After the British left Sri Lanka in 1948, the Sinhalese majority ruled with policies that discriminated against Tamils. Tamils were killed in pogroms between 1956 and 1983. Sinhala became the sole official language. Tamils had to obtain higher marks than Sinhalese to get into university. And government-sponsored Sinhalese settlements were set up in Tamil areas. When the LTTE killed several Sinhalese settlers, many Tamils were massacred. Finally, Tamil voices were excluded from the political sphere.

Last spring in Sri Lanka, Sinhalese people danced in the streets, celebrating the Sri Lankan army’s victory over the Tigers. But the root cause of the conflict remains: discrimination against minorities. An estimated 100,000 Sri Lankans, mostly Tamils, died during the 26-year conflict. The war ended with an estimated 280,000 Tamils held as prisoners in atrocious conditions in internment camps. The government says it is screening for Tiger cadres.

Tamil civilians now living in Sri Lankan internment camps. Photo by Ho New/Reuters.

Tamil civilians now living in Sri Lankan internment camps. Photo by Ho New/Reuters.

But surrendered militants in the camps have no further motivation to fight and no loyalty to the Tigers.

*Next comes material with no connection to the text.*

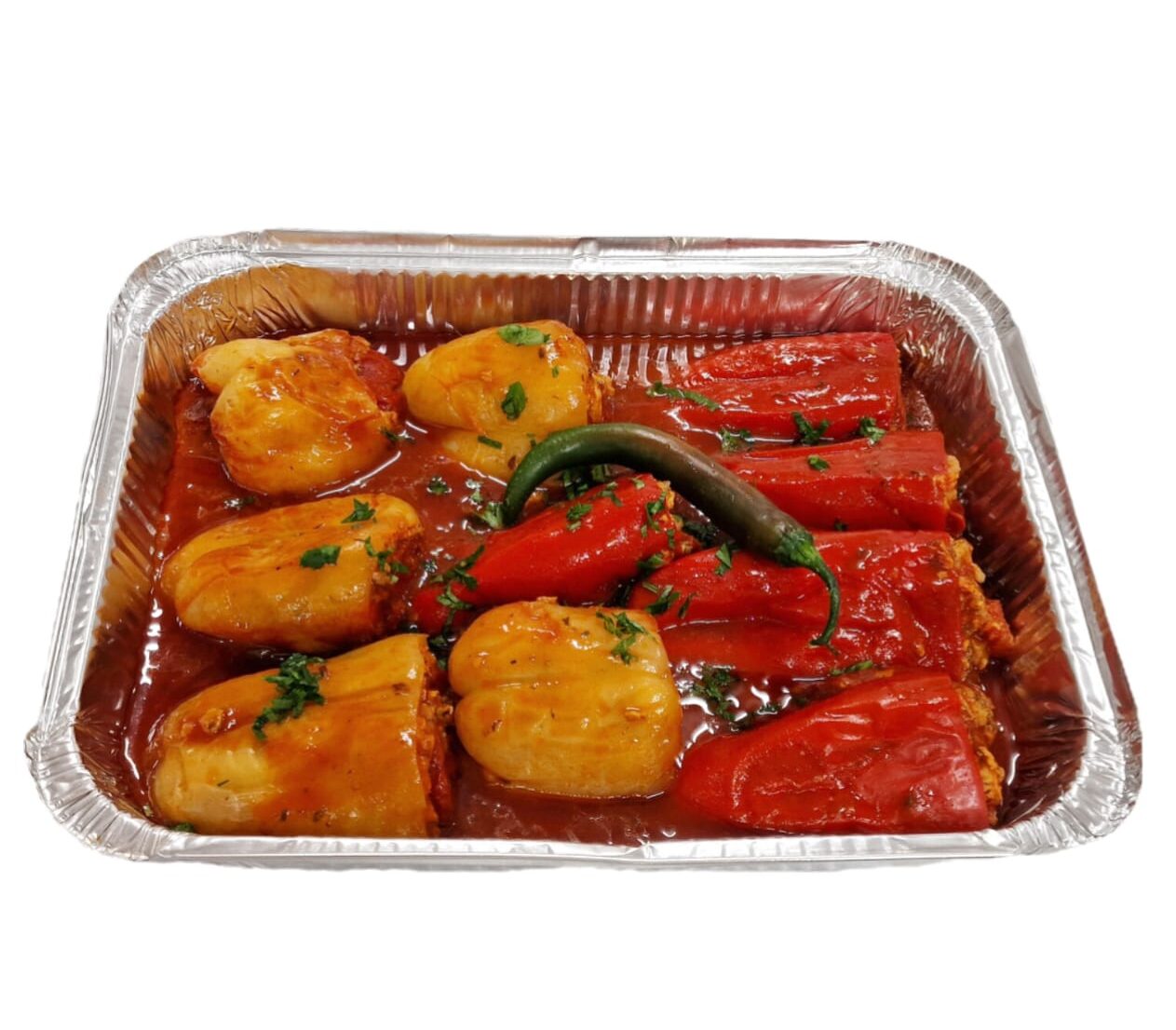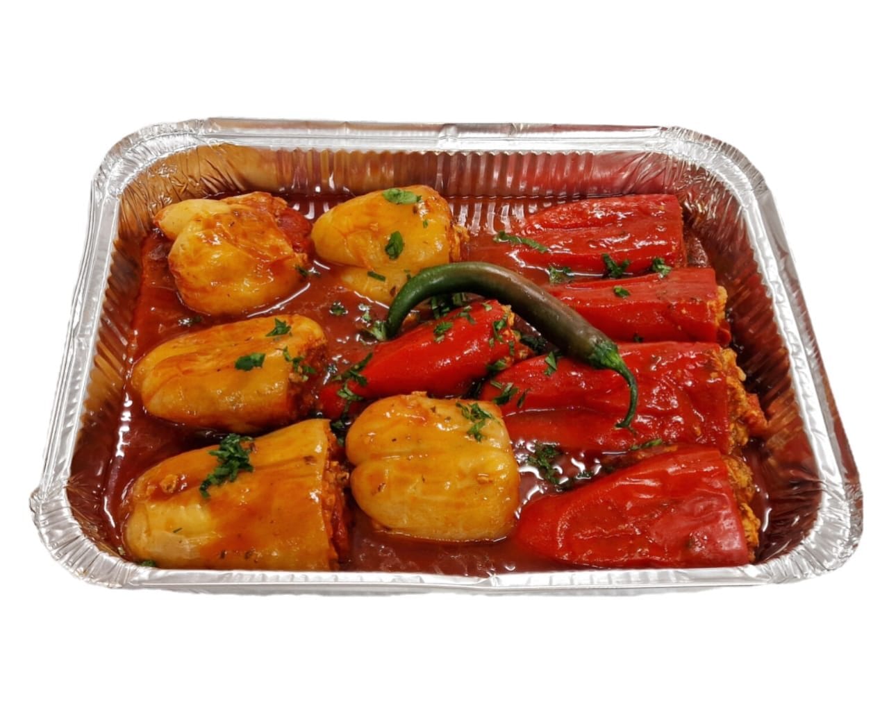 ardei, porc, vită, orez, ceapă, sos de roșii, ulei, sare condimenteDeclarație nutrițională în medie per 100g

In the final weeks of war, they witnessed their leadership’s callous use of waves of cadres in suicide attacks and civilian shields. By not allowing the right to freedom of movement to the majority in the camps, the state is creating a breeding ground for a new militancy. If displaced people in the camps were free to leave—to go back to their homes or stay with relatives—then those who remain could be looked after better and there would be no humanitarian crisis..

Furthermore, the Mahinda Rajapaksa regime is perpetuating the practices that led to the war. The Prevention of Terrorism Act and Emergency Regulations, which were used as an excuse to disappear more than 2,000 people in the last three years, most of them young Tamil men, are being upheld. Despite massacring the LTTE leadership and cadres left in the combat zone, there are plans to increase the number of troops. And, in his first speech to parliament after the end of the war, the president said that there were no minorities in Sri Lanka,  but failed to add that there was no majority either.  As he spoke of patriotic Sri Lankans standing behind the national flag, dominated by the lion that symbolizes the Sinhalese, he implied that Sinhala majoritarianism would continue. Under such circumstances, the minority Tamil population cannot feel that they too are equal citizens.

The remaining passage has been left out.